他活了這么大半輩子,都沒見過男的能懷孕的!
這……難道皇上天賦異稟?
阮晟這次也啞了,張著嘴,半天沒敢繼續(xù)確定他聽到的是不是喜脈,可一連兩次,想說聽錯的可能性都沒有。
大殿的四個人,跪了一個,夫夫兩個懵逼狀,而另一邊的許公公從徐太醫(yī)說出有喜兩個字也嚇得不輕,畢竟跟徐太醫(yī)共事這么久,這么胡言亂語欺君可是要砍腦袋的!
可徐太醫(yī)又不是亂來的人,難道……
許公公被嚇到之后,隨之涌上來的是驚喜,皇上這是……有龍嗣了?天啊!
“恭喜皇上賀喜皇上!蒼天有眼,這楚國國師當(dāng)真卦文精準(zhǔn)!天佑吾國!皇上萬歲萬歲萬萬歲,娘娘千歲千歲千千歲!”許公公被狂喜籠罩,一時間也忘記了恐慌,跪在地上就是一陣恭喜。
剛略微回過神一些的謝宴:“……”
阮晟面無表情看過去,他這會兒淡定很多,如果他只是一個尋常人,也許他絕不會相信徐太醫(yī)所言,甚至還會覺得對方是不是診錯了。
可徐太醫(yī)的為人不像是亂說話的人,最重要的是,他不是人。
父皇曾說過,過去幾代阮國國主都是尋常的人,但是祖先是曾有過的,只是被瞞了下來,他這是特殊的。
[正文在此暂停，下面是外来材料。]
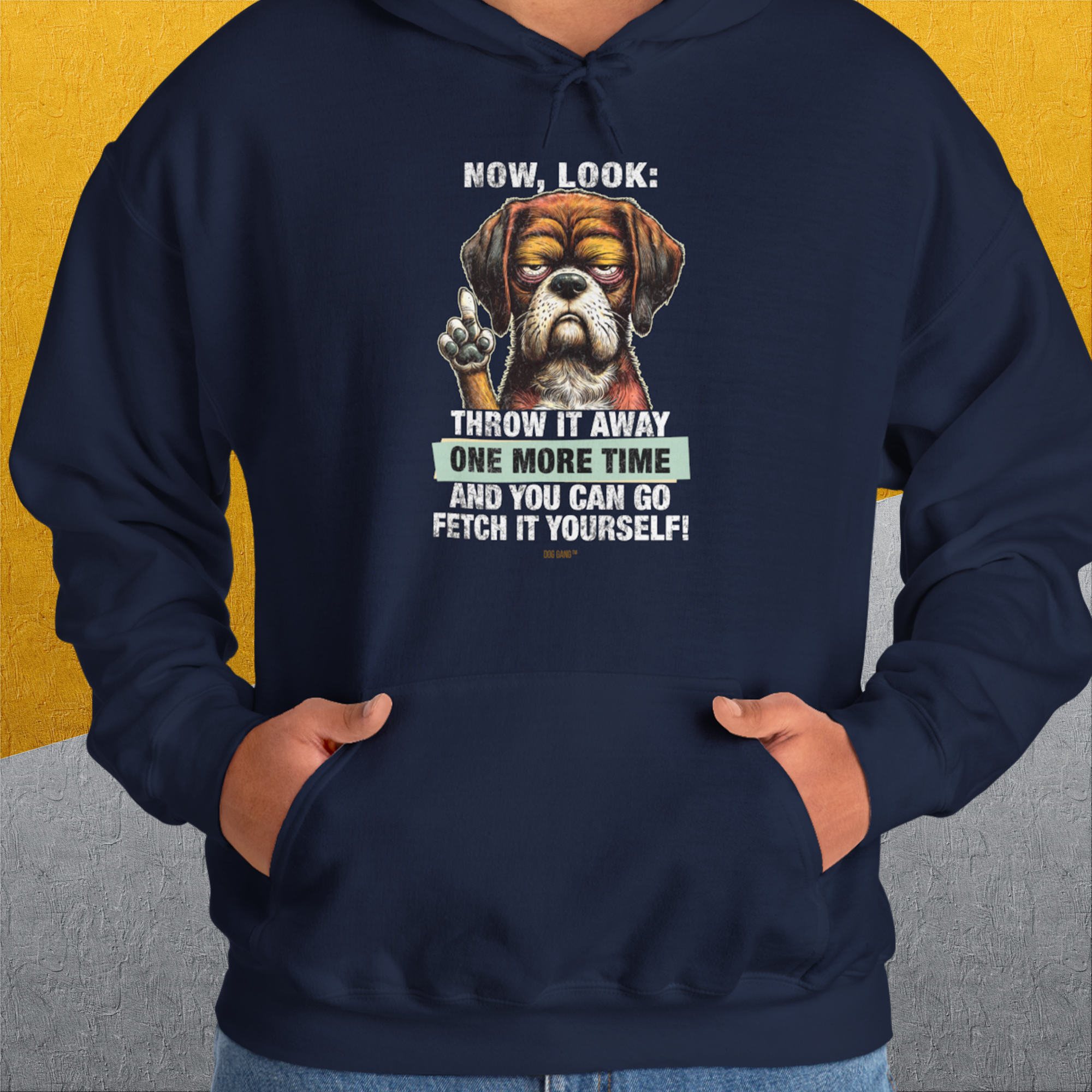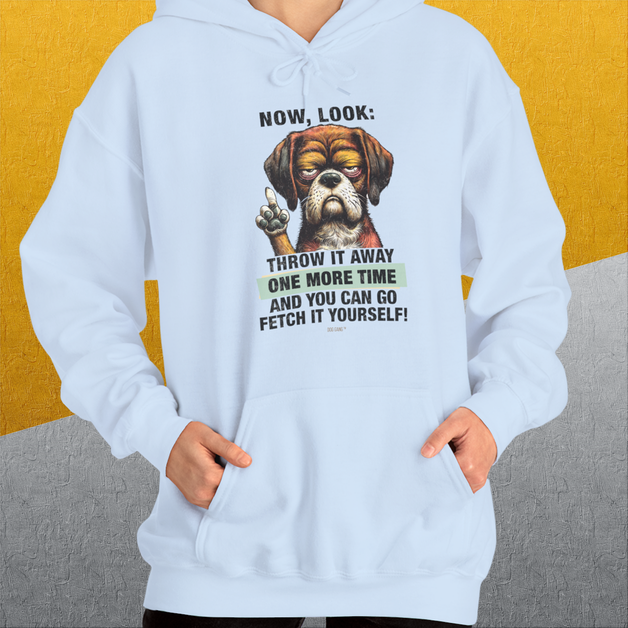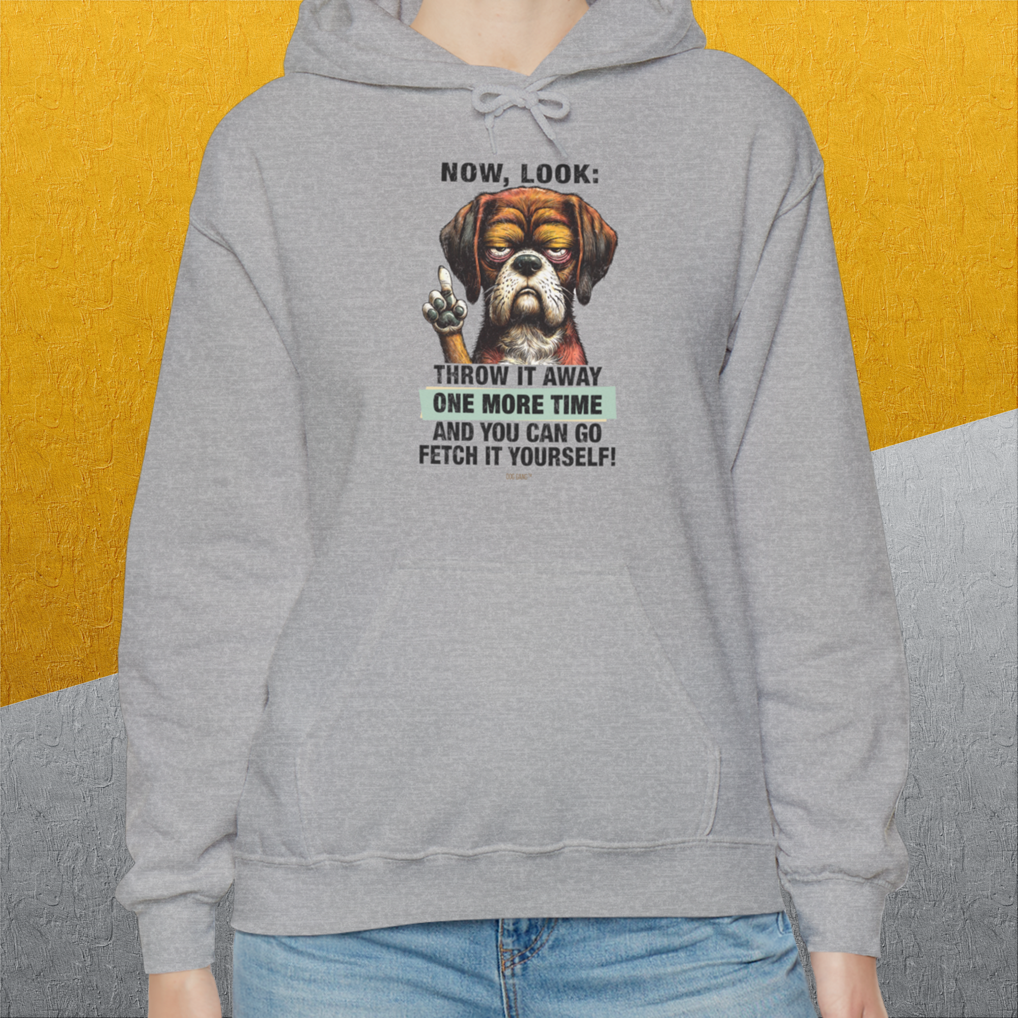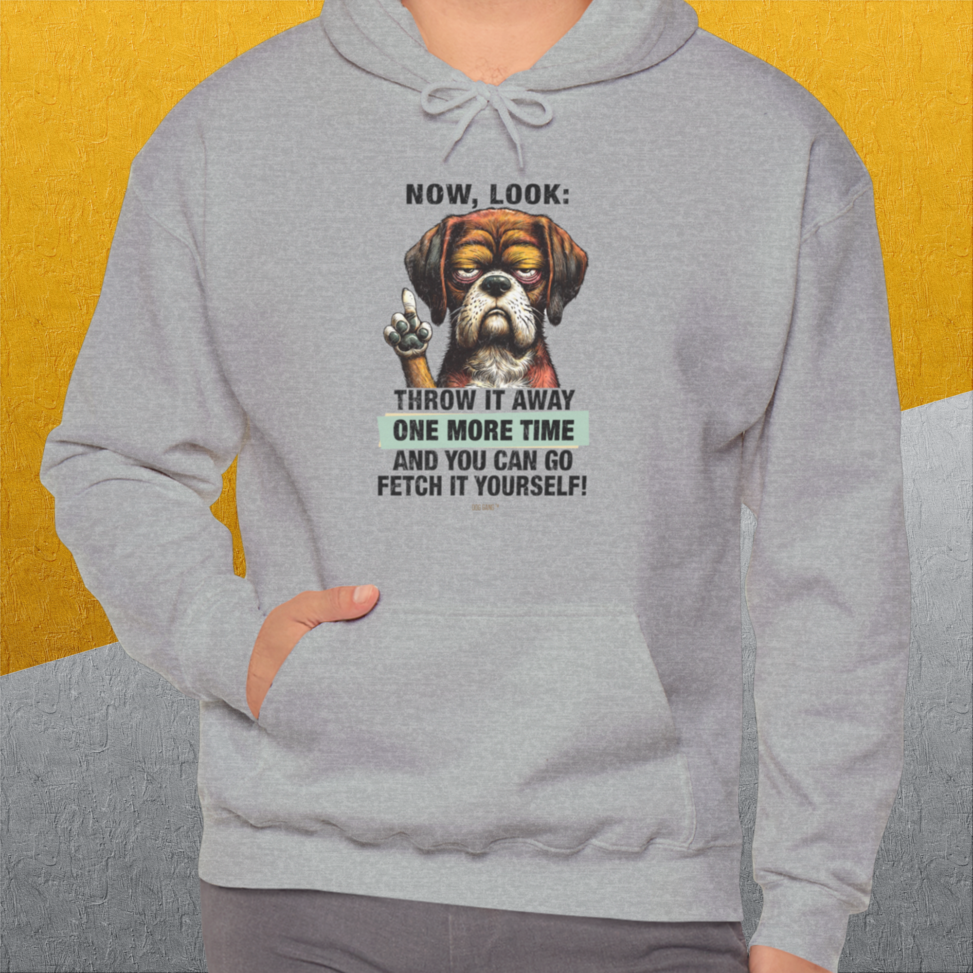 The Go Fetch It Yourself Series, Volume 2 Unisex Hoodie in Sport Grey features a funny dog design with the quote: Throw it away one more time and you can go fetch it yourself! Designed by Dog Gang.
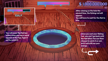 - After clicking on the hole for the second time you will have to wait for the fish to bite, it might take a bit, it is intentional. You will know it has when a word appears on the top;
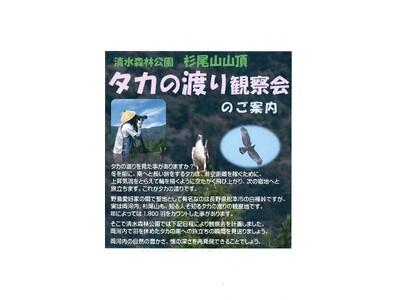 9月28日(日)清水森林公園では、園内の杉尾山にて「タカの渡り観察会」を開催します。参加費は無料です。この機会に是非!長い旅路に向かうタカ達を見送りませんか? 「清水森林公園内杉尾山 タカの渡...
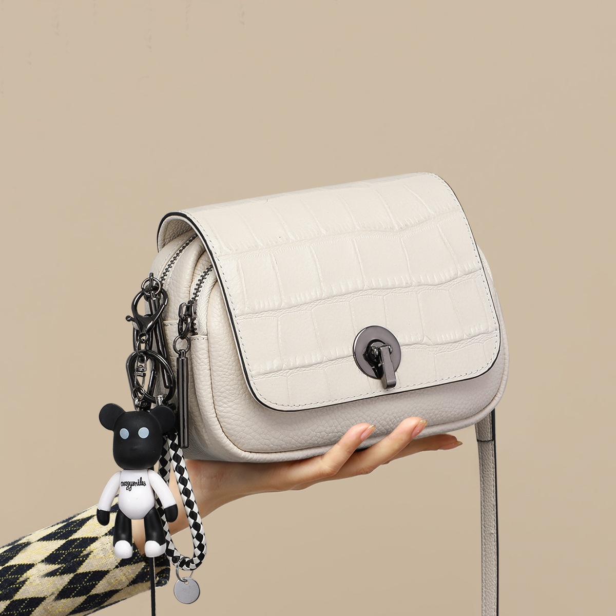 Bags For Women Winter Style Genuine Leather Fashion Crossbody Bag For Women Wide Strap Fish Pattern High-End Single Shoulder Small Bag
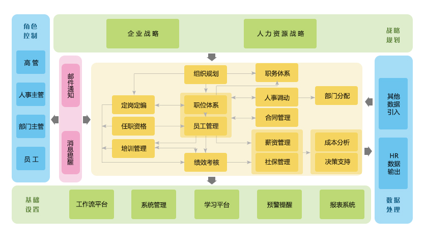 系统能够帮助企业构建现代人力资源管理体系并实现有效落地实施,搭建组织架构、职位体系和员工信息平台, 有效运作薪酬社保、考勤管理、招聘任用等业务体系;并提供系统内数据各种查询统计与报表输出功能, 动态、直观反映组织人力资源状况,为管理行为提供高效决策支持。
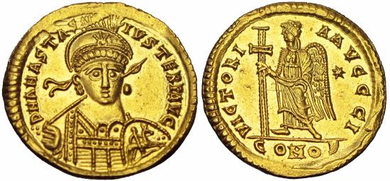 Pseudo-Imperial, uncertain AV Solidus. In the name of Anastasius I. Uncertain mint, AD 491-518. ஃ D N ANASTASIVS TERP AVG, helmeted, pearl-diademed and cuirassed bust facing, holding spear and shield decorated with horseman and fallen enemy motif three dots before the legend and with T instead of P in (TERP) / VICTORIA AVGGG I, Victory standing facing, head to left, holding long jewelled cross; star in right field, CONOB in exergue. Unpublished in the standard references; for another example of similar style, cf. 4.34g, 20mm, 6h. Near Mint State. Apparently unique and unpublished. |
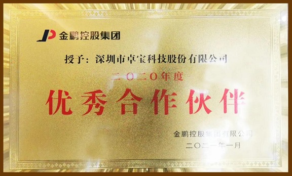 开春忙,喜事连连传捷报!日前,卓宝科技又收获了一项荣誉——来自金鹏控股集团颁发的“2020年度优秀合作伙伴”奖项。金鹏控股集团始创于1993年,历经二十多年的沉淀与发展
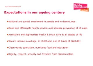 The document discusses the critical role of social protection in addressing poverty, inequality, and access to basic services in the developing world, particularly for vulnerable groups such as the elderly and children. It emphasizes the need for international advocacy, partnerships, and capacity building to implement effective social protection policies that promote social and economic sustainability. The document outlines recommendations for establishing comprehensive social security systems and highlights the importance of citizen engagement in shaping these policies.
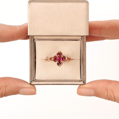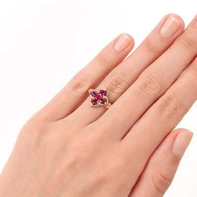 Кольцо, вставка: наноситал рубин; Розовое золото 585 пробы.
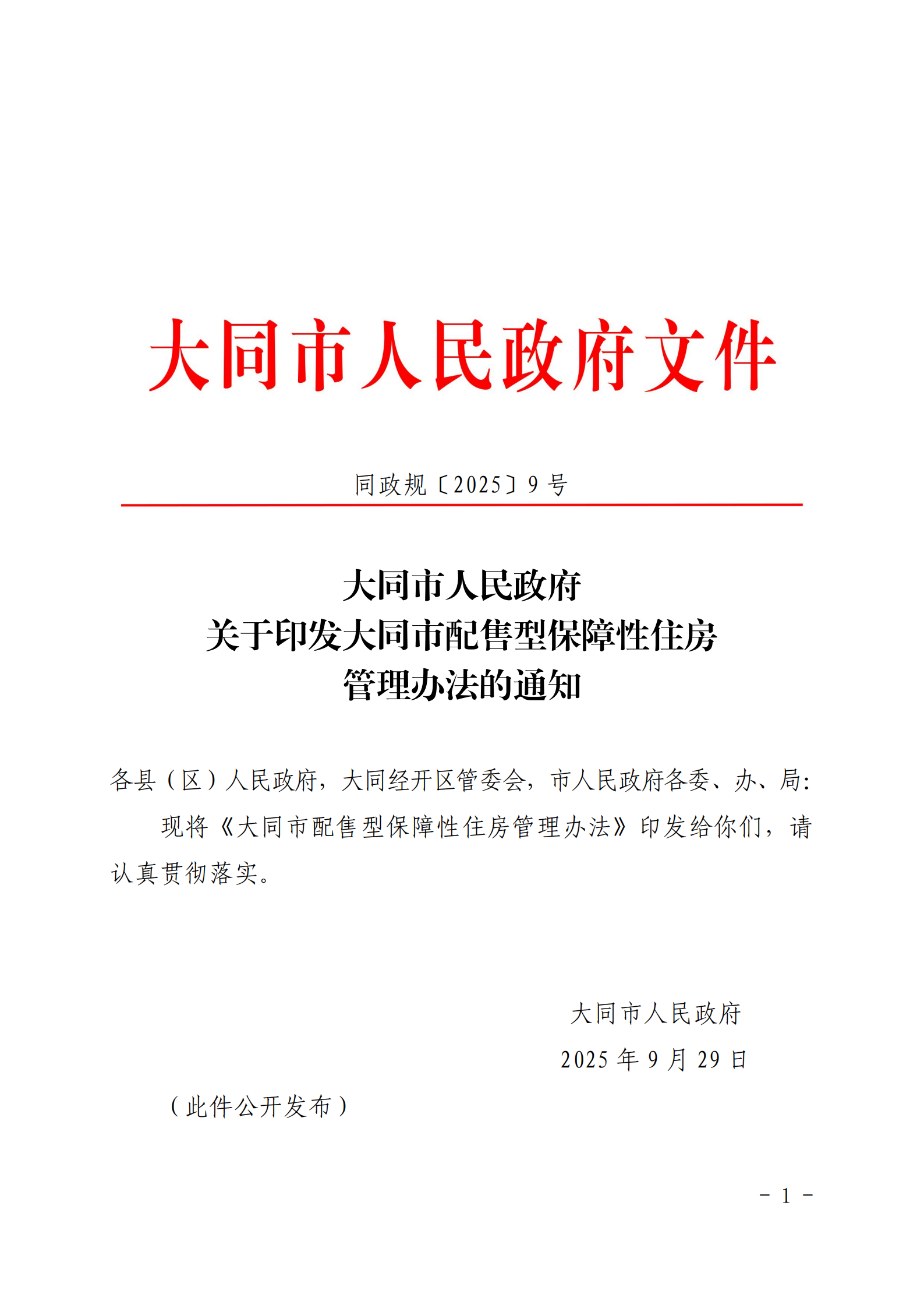 現將《大同市配售型保障性住房管理辦法》印發給你們,請認真貫徹落實。
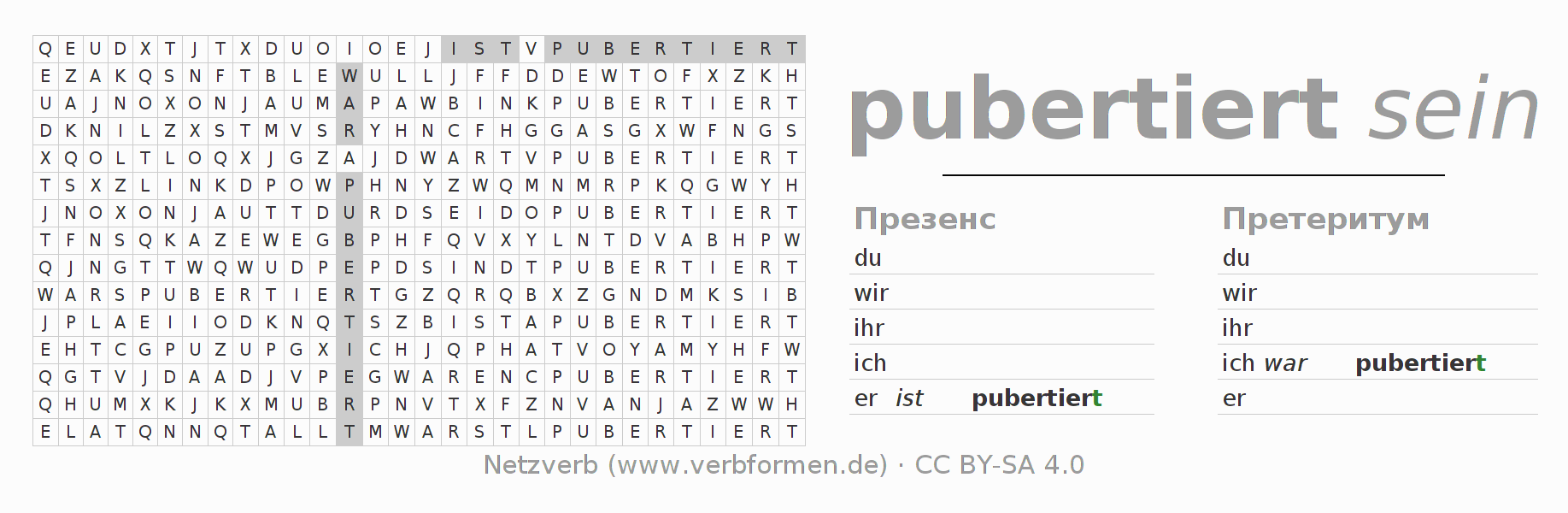 С помощью этих головоломок по поиску слов Вы можете подходящим для Вас способом изучать спряжение немецкого глагола pubertieren.

因為過去沒發(fā)生過這種情況,所以父皇把他自小藏在養(yǎng)心殿,甚至不用宮人服侍,一切親力親為,這才堪堪瞞了下來。
也因著父皇只有他一個皇子,過去也沒這種情況,加上往前數(shù)這么多祖宗,并沒有納男妃一說,自然也不會出現(xiàn)男妃有孕一事。
阮晟深吸一口氣,站直了身體,冷靜下來睨著跪在那里的徐太醫(yī),卻沒放開謝宴。
阮晟沉吟片許,看向不遠處的許公公:“去外頭守著,別讓任何人靠近華陽殿。”
“是!”許公公這會兒也冷靜下來,想到這事萬一傳出去的嚴(yán)重性,趕緊爬起來去外頭守著了。
謝宴奇怪看阮晟一眼,他這是干嘛?別、別真的信了吧?
他怎么可能懷孕?他是男的他自己還能不知道?
察覺到謝宴的目光,阮晟安撫地捏了捏他的肩膀,讓他稍安勿躁。
謝宴雖然奇怪,可這會兒他心里也沒底,阮帝這是什么意思?他不會真的相信徐太醫(yī)的話覺得他有喜了吧?這、這怎么可能的事?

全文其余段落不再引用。